Industry contacts say they fear that such heavy fees could prompt importers to “pull forward” a massive surge of goods before the new administration is seated on January 20, and then quickly cut back again once the hefty new fees are instituted, according to a report from TD Cowen.
As a measure of the potential economic impact of that uncertain scenario, transport company stocks were mostly trading down yesterday following Donald Trump’s social media post on Monday night announcing the proposed new policy, TD Cowen said in a note to investors.
But an alternative impact of the tariff jump could be that it doesn’t happen at all, but is merely a threat intended to force other nations to the table to strike new deals on trade, immigration, or drug smuggling. “Trump is perfectly comfortable being a policy paradox and pushing competing policies (and people); this ‘chaos premium’ only increases his leverage in negotiations,” the firm said.
However, if that truly is the new administration’s strategy, it could backfire by sparking a tit-for-tat trade war that includes retaliatory tariffs by other countries on U.S. exports, other analysts said. “The additional tariffs on China that the incoming US administration plans to impose will add to restrictions on China-made products, driving up their prices and fueling an already-under-way surge in efforts to beat the tariffs by importing products before the inauguration,” Andrei Quinn-Barabanov, Senior Director – Supplier Risk Management solutions at Moody’s, said in a statement. “The Mexico and Canada tariffs may be an invitation to negotiations with the U.S. on immigration and other issues. If implemented, they would also be challenging to maintain, because the two nations can threaten the U.S. with significant retaliation and because of a likely pressure from the American business community that would be greatly affected by the costs and supply chain obstacles resulting from the tariffs.”

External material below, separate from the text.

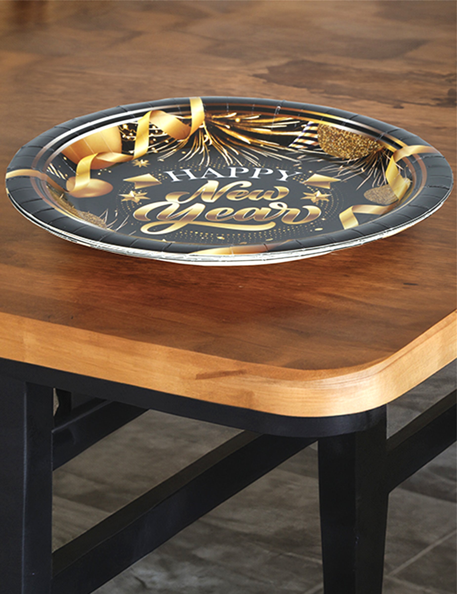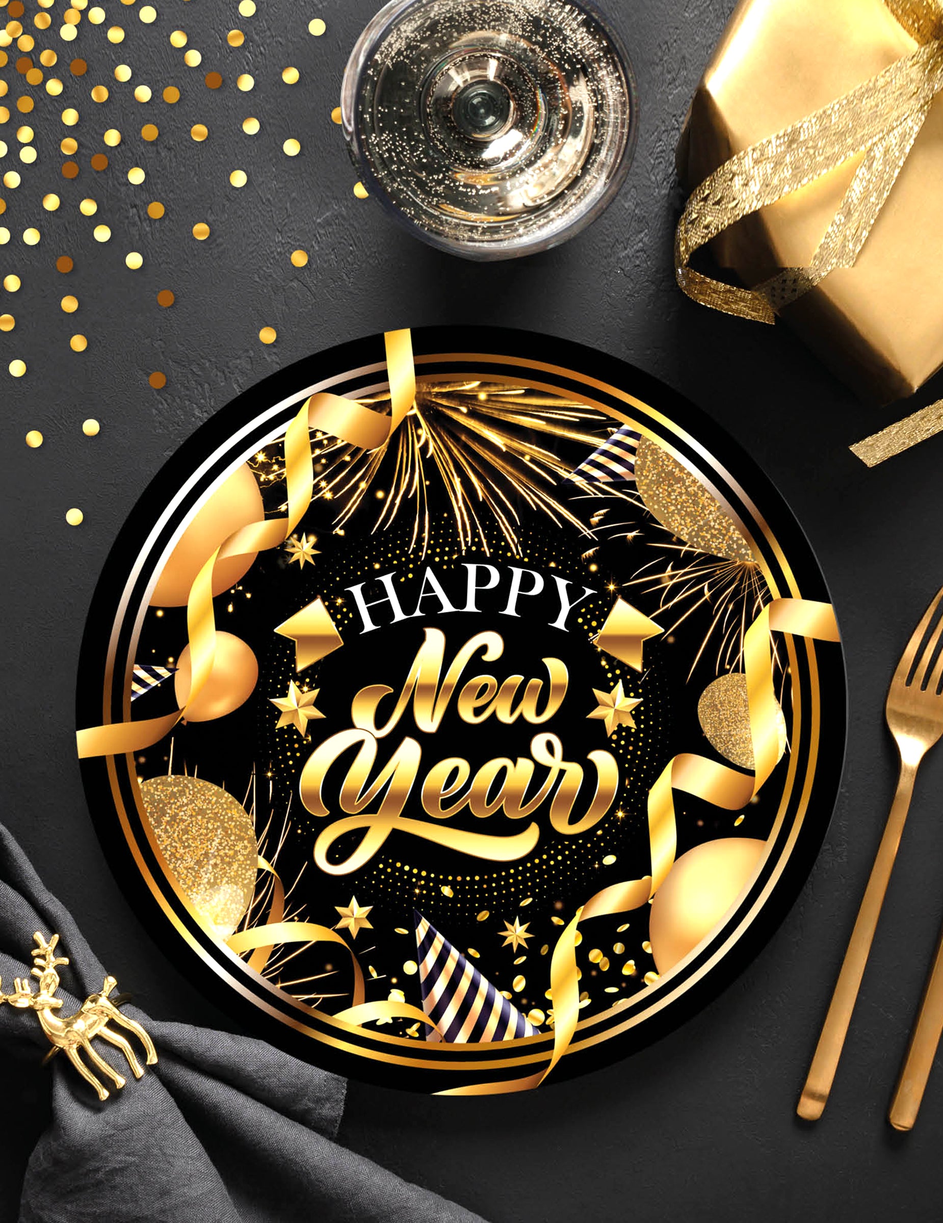 Ezek Újévi karton tányérok Fekete és arany dekorációt kínálnak, amely jól illik az ünnepi szezonhoz.

New tariffs could also damage sensitive supply chains by triggering unintended consequences, according to a report by Matt Lekstutis, Director at Efficio, a global procurement and supply chain procurement consultancy. “While ultimate tariff policy will likely be implemented to achieve specific US re-industrialization and other political objectives, the responses of various nations, companies and trading partners is not easily predicted and companies that even have little or no exposure to Mexico, China or Canada could be impacted. New tariffs may disrupt supply chains dependent on just in time deliveries as they adjust to new trade flows. This could affect all industries dependent on distribution and logistics providers and result in supply shortages,” Lekstutis said.